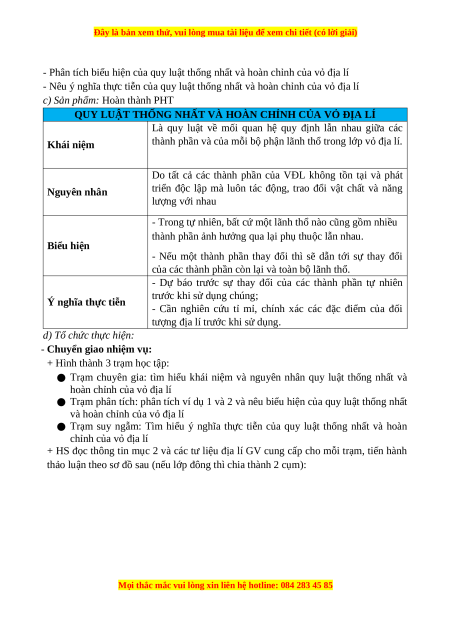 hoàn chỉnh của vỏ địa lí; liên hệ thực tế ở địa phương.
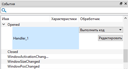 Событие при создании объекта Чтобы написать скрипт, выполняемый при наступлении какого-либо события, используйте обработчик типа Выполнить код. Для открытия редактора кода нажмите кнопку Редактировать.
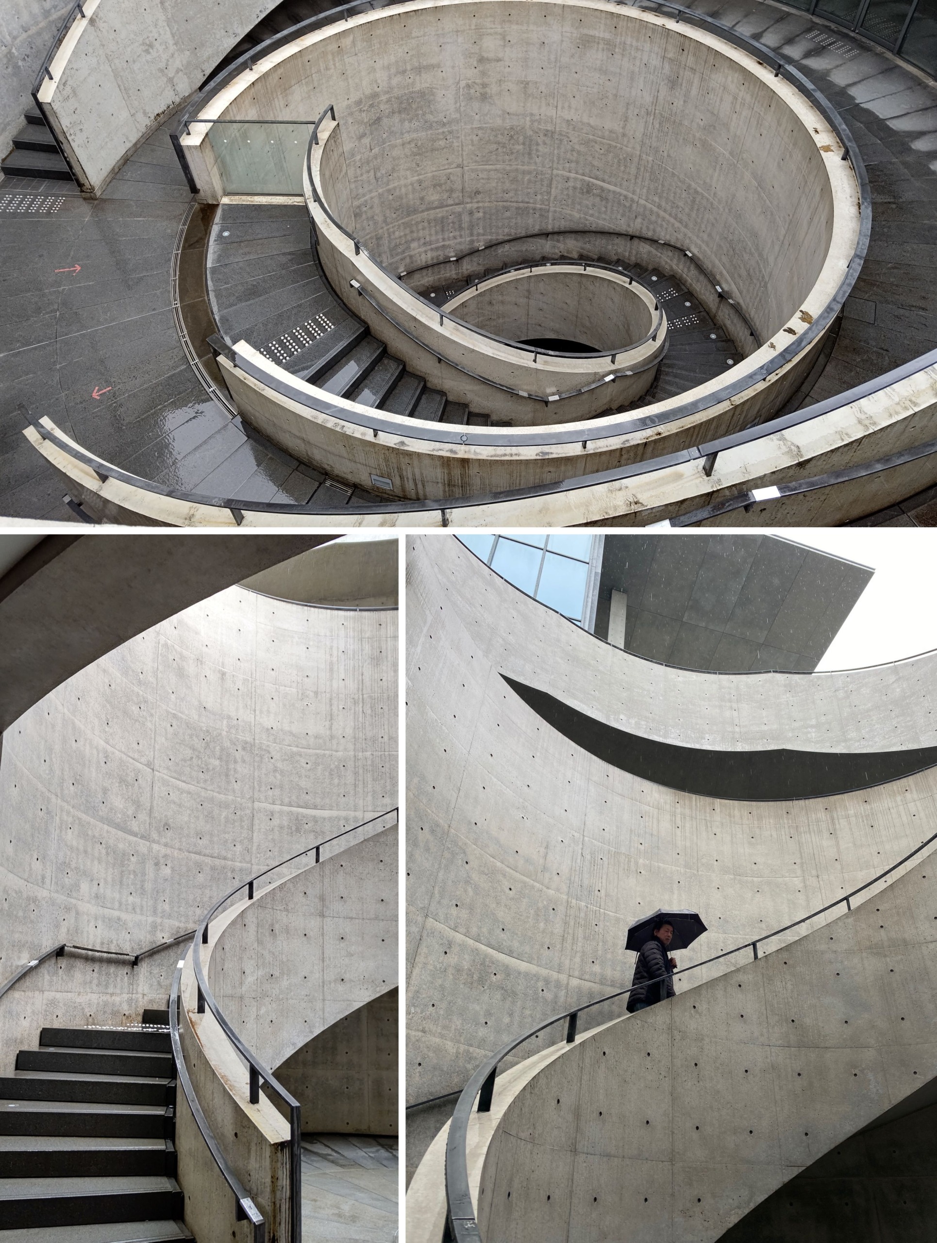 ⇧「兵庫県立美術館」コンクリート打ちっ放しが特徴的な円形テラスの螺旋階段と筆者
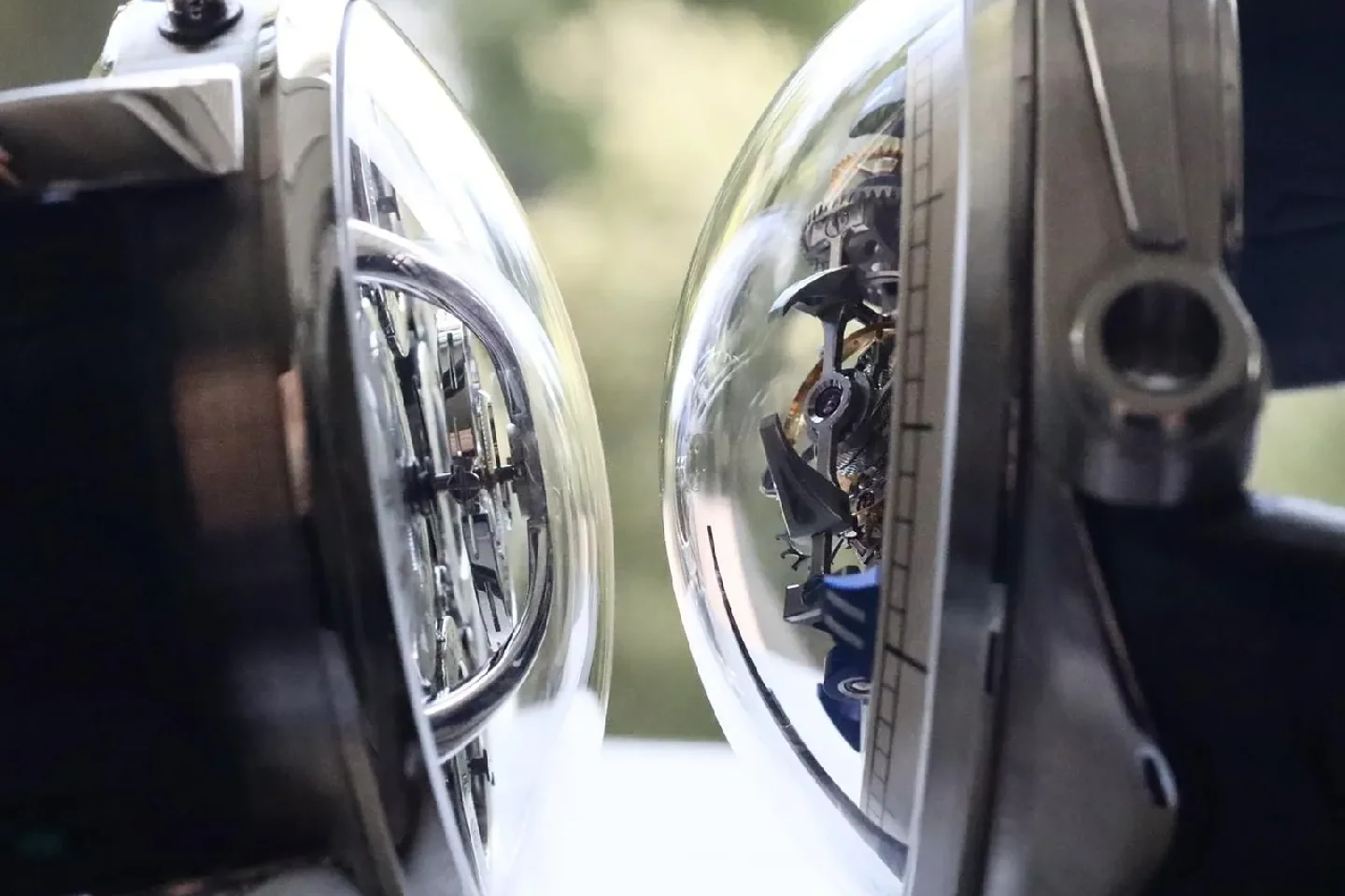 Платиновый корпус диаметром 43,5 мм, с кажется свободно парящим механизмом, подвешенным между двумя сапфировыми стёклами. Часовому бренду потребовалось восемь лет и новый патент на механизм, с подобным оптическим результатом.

## Task directions
Extract every line of the data exactly; pictures stay out.

## Exercise response
 hoàn chỉnh của vỏ địa lí; liên hệ thực tế ở địa phương.
 Событие при создании объекта Чтобы написать скрипт, выполняемый при наступлении какого-либо события, используйте обработчик типа Выполнить код. Для открытия редактора кода нажмите кнопку Редактировать.
 ⇧「兵庫県立美術館」コンクリート打ちっ放しが特徴的な円形テラスの螺旋階段と筆者
 Платиновый корпус диаметром 43,5 мм, с кажется свободно парящим механизмом, подвешенным между двумя сапфировыми стёклами. Часовому бренду потребовалось восемь лет и новый патент на механизм, с подобным оптическим результатом.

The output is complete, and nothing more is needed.